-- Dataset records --
----------
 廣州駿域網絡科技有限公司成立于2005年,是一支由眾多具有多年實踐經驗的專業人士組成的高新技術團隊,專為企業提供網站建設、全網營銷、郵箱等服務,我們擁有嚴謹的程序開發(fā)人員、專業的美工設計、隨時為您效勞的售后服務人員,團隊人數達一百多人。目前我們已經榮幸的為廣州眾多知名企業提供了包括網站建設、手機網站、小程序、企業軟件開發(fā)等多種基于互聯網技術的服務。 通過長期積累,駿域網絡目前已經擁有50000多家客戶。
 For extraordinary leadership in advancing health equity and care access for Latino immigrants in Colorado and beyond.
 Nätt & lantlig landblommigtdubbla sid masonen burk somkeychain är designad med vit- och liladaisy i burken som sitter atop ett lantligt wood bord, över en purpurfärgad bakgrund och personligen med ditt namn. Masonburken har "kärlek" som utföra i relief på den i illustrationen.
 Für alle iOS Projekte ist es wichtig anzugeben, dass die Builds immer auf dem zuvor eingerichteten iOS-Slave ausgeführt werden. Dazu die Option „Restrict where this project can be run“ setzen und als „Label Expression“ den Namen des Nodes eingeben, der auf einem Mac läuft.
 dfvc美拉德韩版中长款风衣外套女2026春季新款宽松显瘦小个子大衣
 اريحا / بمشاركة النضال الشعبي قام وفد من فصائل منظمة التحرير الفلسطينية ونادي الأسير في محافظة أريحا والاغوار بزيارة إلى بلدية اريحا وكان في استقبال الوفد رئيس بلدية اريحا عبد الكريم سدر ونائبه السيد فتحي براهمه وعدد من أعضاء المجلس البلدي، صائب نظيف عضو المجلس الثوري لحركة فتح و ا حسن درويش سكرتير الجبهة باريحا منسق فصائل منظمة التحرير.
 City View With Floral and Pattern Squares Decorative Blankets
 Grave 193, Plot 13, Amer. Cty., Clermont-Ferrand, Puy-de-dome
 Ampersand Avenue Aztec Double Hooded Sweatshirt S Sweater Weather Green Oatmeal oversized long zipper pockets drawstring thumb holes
----------
-- TASK REQUIREMENTS --
Taking the entries above, restate exactly those lines that fall between the line with "For extraordinary leadership" and the line with "Nätt & lantlig", keeping both of those lines too.

-- ANSWER BOX --
 For extraordinary leadership in advancing health equity and care access for Latino immigrants in Colorado and beyond.
 Nätt & lantlig landblommigtdubbla sid masonen burk somkeychain är designad med vit- och liladaisy i burken som sitter atop ett lantligt wood bord, över en purpurfärgad bakgrund och personligen med ditt namn. Masonburken har "kärlek" som utföra i relief på den i illustrationen.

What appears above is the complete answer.